- Ahoy there, mateys. I am a pirate! It's true! I recently bought a copy
of Super Mario RPG for SNES so that I could legally
play it on my handheld PC. But I made one fatal mistake that could bring Nintendo's
lawyers to my door. I downloaded the rom off the internet! By gosh, that's piracy! But it didn't have to be. Oracle of all people sponsored this video where we're gonna answer the
question once and for all, is there a way to 100%
legally emulate games? Can you liberate the delicious gamey bits trapped inside these plastic shells? And for that matter, why would
you want to do such a thing? So come along and join
me on the seven seas! (laughing) (upbeat music) βͺ You are a pirate βͺ Super Mario RPG Legend of the Seven Stars is one of those games that
despite being available on the SNES Classic and both the Wii and WiiU virtual consoles
is not available to buy on any platform right now given that they're all discontinued. That means that even if you own a physical copy of the game like I do, there's no way to legally play it without something that can
read the cartridge, and worse, every time you slot it
into the original console, you are wearing down the contacts
on both sides bit by bit. So even with a modern
console like the Super NT, the condition of the cartridge
will degrade over time as you swap it in and out. And what about your saves? Cartridges from the 16 bit era and earlier almost always used a small amount of battery backed up
SRAM for saving progress. And those batteries are
at least 25 years old now. Well past their service life. And once they die, your
save games die with them, and you will never be able to save again unless you replace the battery, an act that will erase your save games unless you go out of your way to keep it powered while you solder. (laughing) Not sure if I'd recommend
that for novices. (yelling) That's where projects like
the Sanni Cart Reader come in. There have been other cartridge
readers over the years, like the Retrode, but they were expensive, and have largely been discontinued. This, on the other hand, is an open source project
that began in 2014, and today, you can actually
build your very own using an Arduino Mega and custom
PCBs that allow you to read practically any cartridge
from the major consoles, from the Nintendo Entertainment System era through to the GBA era, and copy them onto a micro SD
card, including the save data. This Save the Hero version from Builders is named for that very
feature, and functionally, it's just a Sanni V3, but
with more premium materials including an acrylic top plate and a wooden underside for
about a hundred dollars. You could build your own
for about half of that, but it might not be
worth the hassle to you. The newest Sanni V4 has
more intuitive controls and an easier build for
about $80 worth of parts. And there's a simpler,
even cheaper version that you can build if you
just wanna get your feet wet. Let's take it for a spin, shall we? I'm gonna be honest with you guys, I bought this complete
in box at a local store, and in the interest of not
doing any further damage to it, I have not actually opened it yet. So for all I know, it
might not even be in there. Anthony, did you check? Anthony picked it up for me. - [Anthony] It's not a box of rocks. I don't know if there's not rocks inside the cartridge though.

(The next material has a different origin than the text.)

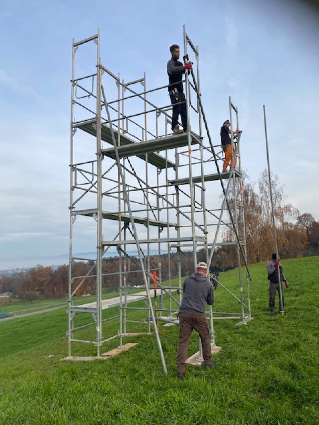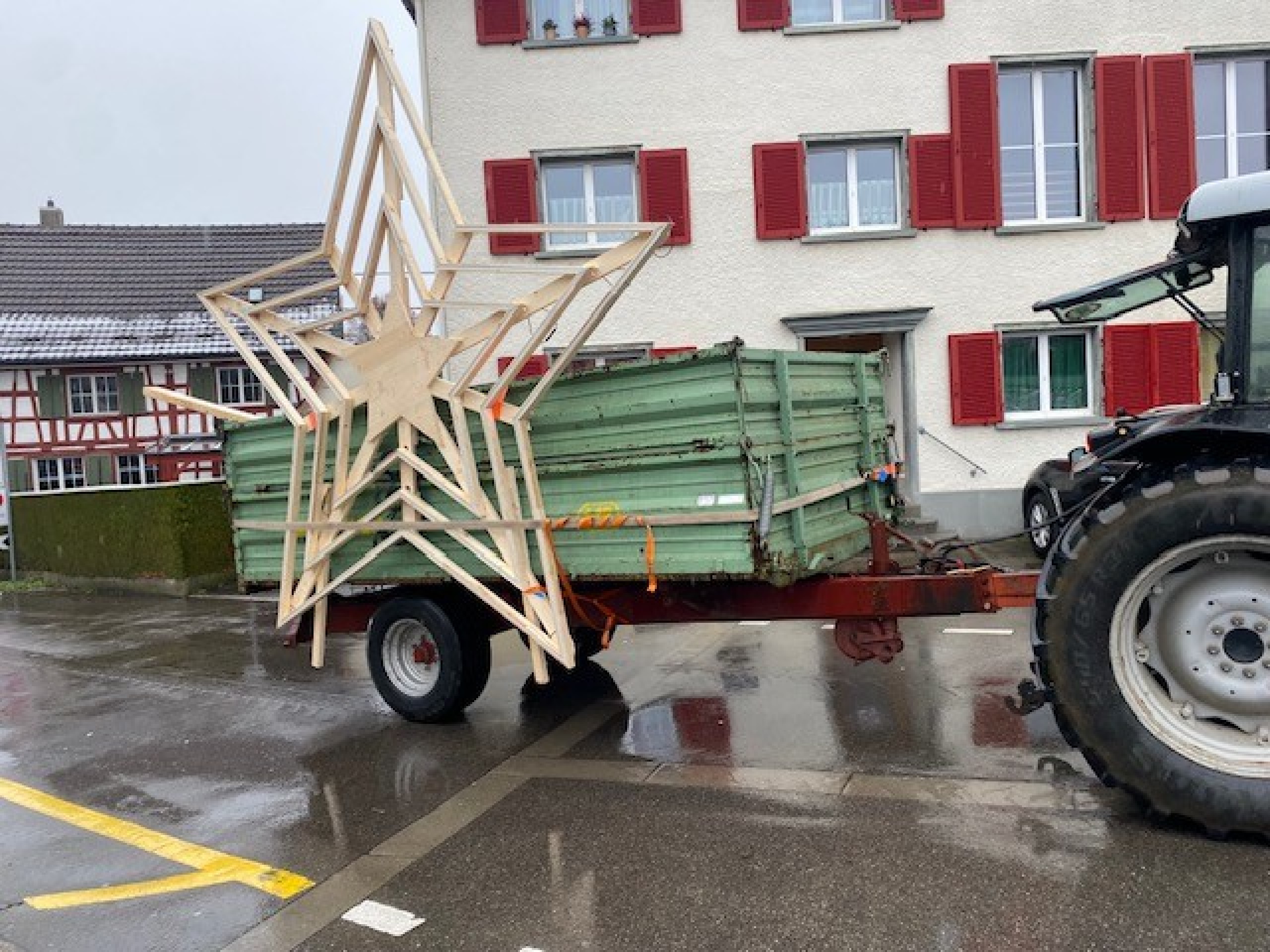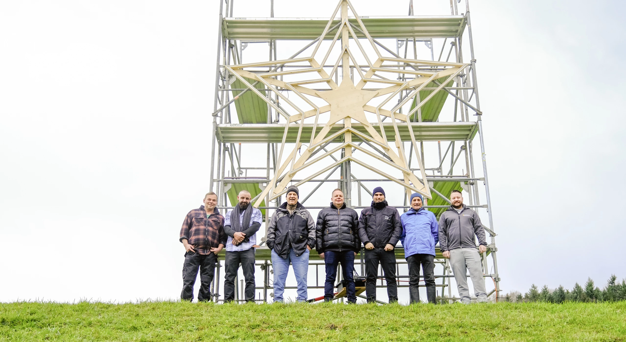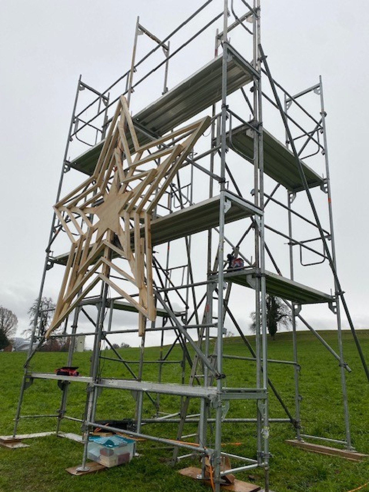 Gemeinsam machten sie sich an die Arbeit, den vier Meter grossen Holzbau zu fertigen und aufzustellen. Dieser besteht aus drei ineinander liegenden Sternen, die mit 32 Metern an LED-Lichtern bestückt wurden. Für die Stromzufuhr wurden 135 Meter Kabel verwendet. «Wir haben den Stern diese Woche zur Wiese transportiert und diesen am bereits aufgestellten und gesicherten Baugerüst angebracht. Am 1. Advent wird der Stern ab 17.30 Uhr in voller Pracht leuchten und positive Gedanken in die Welt senden. «Dass alle sofort bei diesem Projekt mitgewirkt haben, zeigt uns, dass das regionale Gewerbe an einem Strang zieht», stellt Ivan Fust freudig fest.

(laughing) - [Linus] That's fair. (sniffing) Doesn't smell like new electronics, more like old electronics. We've got four different
cartridge slots for the SNES, Sega Genesis, N64, and
which side is it on, ah yes, this is for the Game Boy Advance as well as Game Boy and Game Boy Color. So I'm gonna go ahead and meh. These four switches here allow us to select between three and five volts. Five is what we want
for the Super Nintendo. EPROM off or on. We want that off. And then both of our
clock gens, zero and one, are gonna go to the on position. Next, we're gonna put this
adorable little micro SD card featuring Bart Simpson
into our Save the Hero. This contains the database
files that we need which can be downloaded off of GitHub. And now I get to power it up. Not quite! The controls for this thing
(laughing) are actually handled
through an N64 controller. That kinda interferes with
the SNES slot a little. Is that the most adorable little power indication LED or not? Open source cart reader. So wait, I do need this or I don't? - [Anthony] You do not.

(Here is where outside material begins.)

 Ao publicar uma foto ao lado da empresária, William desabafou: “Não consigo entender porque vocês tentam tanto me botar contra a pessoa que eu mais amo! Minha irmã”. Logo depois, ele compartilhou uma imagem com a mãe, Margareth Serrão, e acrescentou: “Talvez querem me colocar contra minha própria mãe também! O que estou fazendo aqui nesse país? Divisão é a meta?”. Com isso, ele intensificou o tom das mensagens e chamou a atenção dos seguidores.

- Wait, what? - [Anthony] I was gonna correct you, but I figured it'd be funnier. - It's just with these buttons? - [Anthony] The left
button moves the cursor, the right button selects. - [Linus] What does this do? - [Anthony] That is for
reading N64 memory packs. - That makes sense - [Anthony] Again, I thought it was funny, so I let you do it. - Wow, you can test it. You can cycle it, I don't even
know what cycling it does. You can even take save files that were created in an emulator and load them onto a cartridge if you wanna reform
your filthy pirate ways. How neat is that, right? - [Anthony] You don't think of this stuff as a storage medium, but it is. - Yeah, it's just weird,
proprietary, ugly storage. So now... - [Anthony] It's on there
as a fully functional rom. - It's so easy! You could dump a huge
collection in like no time. So what, I can just pull this off, and then I could just totally... Oops, read save, whoop, bleh. Nope, nope, go back. - [Anthony] You'll probably
wanna hit cycle cart. - Read rom, here we, oh. - [Anthony] Or you could, okay. - Okay, no, it's gonna overwrite
my Super Mario RPG rom... - [Anthony] No, it doesn't overwrite. - With the Doom data, oh,
it'll just make a second? - [Anthony] It creates a new
folder, it keeps a tally of it, so it creates a new
numbered folder each time. - Okay, I'll just rename
it on the computer. If it calculates the check sum, will it say no you did a bad job? - [Anthony] It'll probably
say check sum fail or something like that.
- Ooh, let's see. Check sum error! So let's do the cycle cartridge thing. - [Anthony] Boom! - You're gonna wanna be careful. This is the kind of thing that's
like read the manual, okay? What the, where does NES go? - [Anthony] NES goes into the SNES slot. - What? - [Anthony] With the
help of a handy adapter - Shut up, oh, it needs an
adapter, that makes sense. (laughing) (yelling) How do I tell which way it goes in? It's probably, it's gotta be keyed, right? Is it not keyed? - [Anthony] What you need to do is just match up the silkscreen
side with the front label, and then, you know,
plug it in the same way you plugged in the Super Nintendo game. - [Linus] Uh huh. (yelling)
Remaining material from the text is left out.